是否可以表示后缀为零的pd.to_datetime?似乎零被删除了。
print pd.to_datetime("2000-07-26 14:21:00.00000",
format="%Y-%m-%d %H:%M:%S.%f")
结果是
2000-07-26 14:21:00
期望的结果是
2000-07-26 14:21:00.00000
我知道这些值意味着相同的东西,但它的一致性会很好。
答案 0 :(得分:0)
进行一些测试表明,当格式化日期时间数据格式为“%H:%M:%S.%f”时,%f能够达到纳秒分辨率,前提是小数点后的第九位非零。格式化字符串时,根据小数点后面的最低有效位的位置添加可变数量的从零到五的尾随零,并给出它也是最后一位。这是一个来自测试数据的表,其中position是最低有效非零的位置,也是最后一位,零是通过格式化添加的尾随零的数量:
position zeros
9 0
8 1
7 2
6 0
5 1
4 2
3 3
2 4
1 5
当列的格式为“%H:%M:%S。%f”作为整体时,其所有元素在小数点后的位数都相同,这可以通过添加或删除来完成即使增加或减少原始数据的分辨率,也会尾随零。我猜这个原因是一致性和令人愉悦的美学,而不会引入过多的错误,因为在数值计算中,尾随零通常不会影响立即结果,但是它们会影响对错误的估计以及它们应该如何呈现(Trailing Zeros ,Rules for Significant Figures)。

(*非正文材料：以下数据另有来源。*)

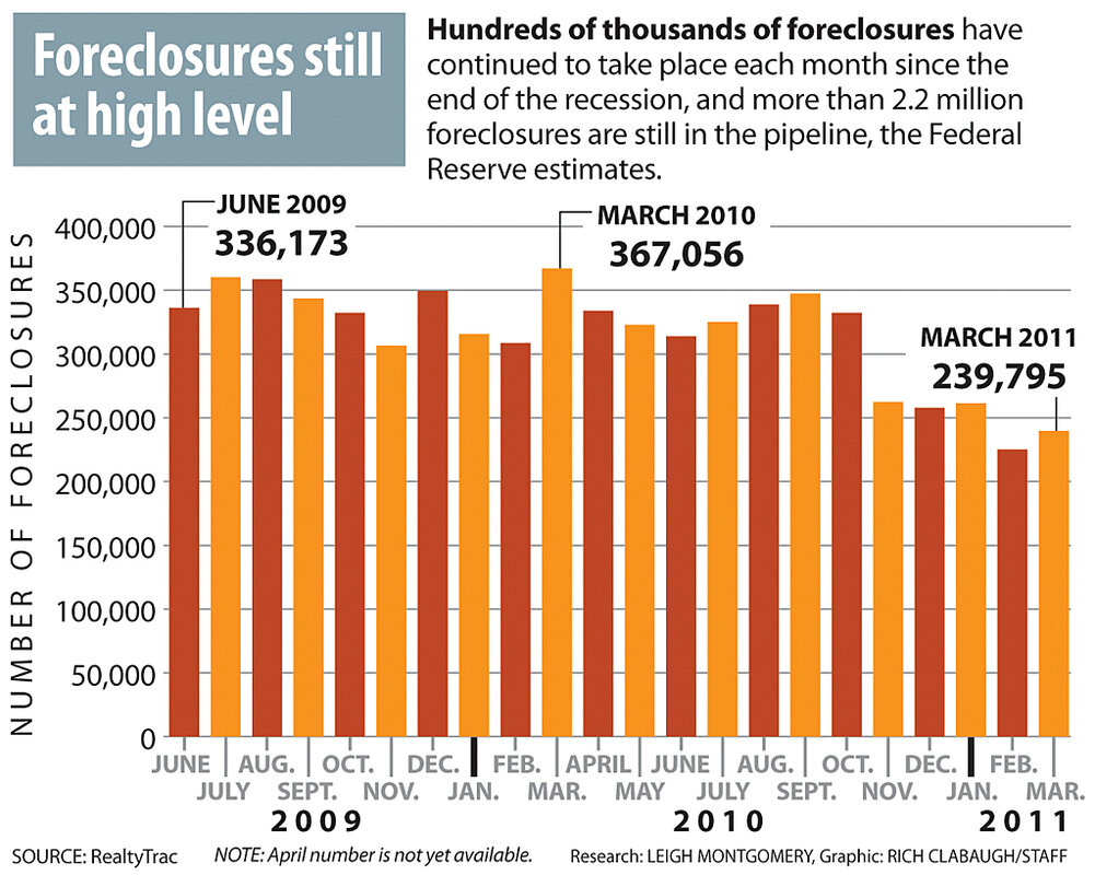 Mr. Newport expects home prices to fall another 5 percent this year. But if the labor market continues to gain ground, the number of foreclosures should drop. "Our projection is that things will begin to improve going forward, but at a slow pace," Newport says. "We won't be back to normal until 2014."

以下是使用pandas.to_datetime并应用pandas.DataFrame.convert_objects(convert_dates ='coerce)将“%H:%M:%S。%f”格式应用于单个字符串和pandas.Series(DataFrame列)的一些观察结果')到DataFrames,其列可以转换为datetime。

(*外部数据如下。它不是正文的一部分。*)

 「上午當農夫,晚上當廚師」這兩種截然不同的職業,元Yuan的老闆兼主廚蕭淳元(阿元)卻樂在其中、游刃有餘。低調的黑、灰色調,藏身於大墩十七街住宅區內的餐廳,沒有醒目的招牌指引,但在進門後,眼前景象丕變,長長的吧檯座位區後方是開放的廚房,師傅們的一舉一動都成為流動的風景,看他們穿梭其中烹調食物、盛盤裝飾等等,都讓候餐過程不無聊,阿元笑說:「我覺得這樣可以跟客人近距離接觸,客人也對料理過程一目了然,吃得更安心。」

在一个字符串上,一个pandas在时间转换中保留一个非零数字,在时间转换中为“%H:%M:%S.%f”,如果没有提供一个日期,则添加一个日期:
import pandas as pd
pd.to_datetime ("10:00:00.000000001",format="%H:%M:%S.%f")
Out[15]: Timestamp('1900-01-01 10:00:00.000000001')
pd.to_datetime ("2015-09-17 10:00:00.000000001",format="%Y-%m-%d %H:%M:%S.%f")
Out[15]: Timestamp('2015-09-17 10:00:00.000000001')
在此之前,对于最终非零数字是最终数字的测试,在最终非零数字之后,它会增加最多五个尾随零,增加原始数据的分辨率,除非最终非零数字位于小数点右侧的第六位:
pd.to_datetime ("10:00:00.00000001",format="%H:%M:%S.%f")
Out[15]: Timestamp('1900-01-01 10:00:00.000000010')
pd.to_datetime ("2015-09-17 10:00:00.00000001",format="%Y-%m-%d %H:%M:%S.%f")
Out[16]: Timestamp('2015-09-17 10:00:00.000000010')
pd.to_datetime ("10:00:00.0000001",format="%H:%M:%S.%f")
Out[15]: Timestamp('1900-01-01 10:00:00.000000100')
pd.to_datetime ("2015-09-17 10:00:00.0000001",format="%Y-%m-%d %H:%M:%S.%f")
Out[17]: Timestamp('2015-09-17 10:00:00.000000100')
pd.to_datetime ("10:00:00.000001",format="%H:%M:%S.%f")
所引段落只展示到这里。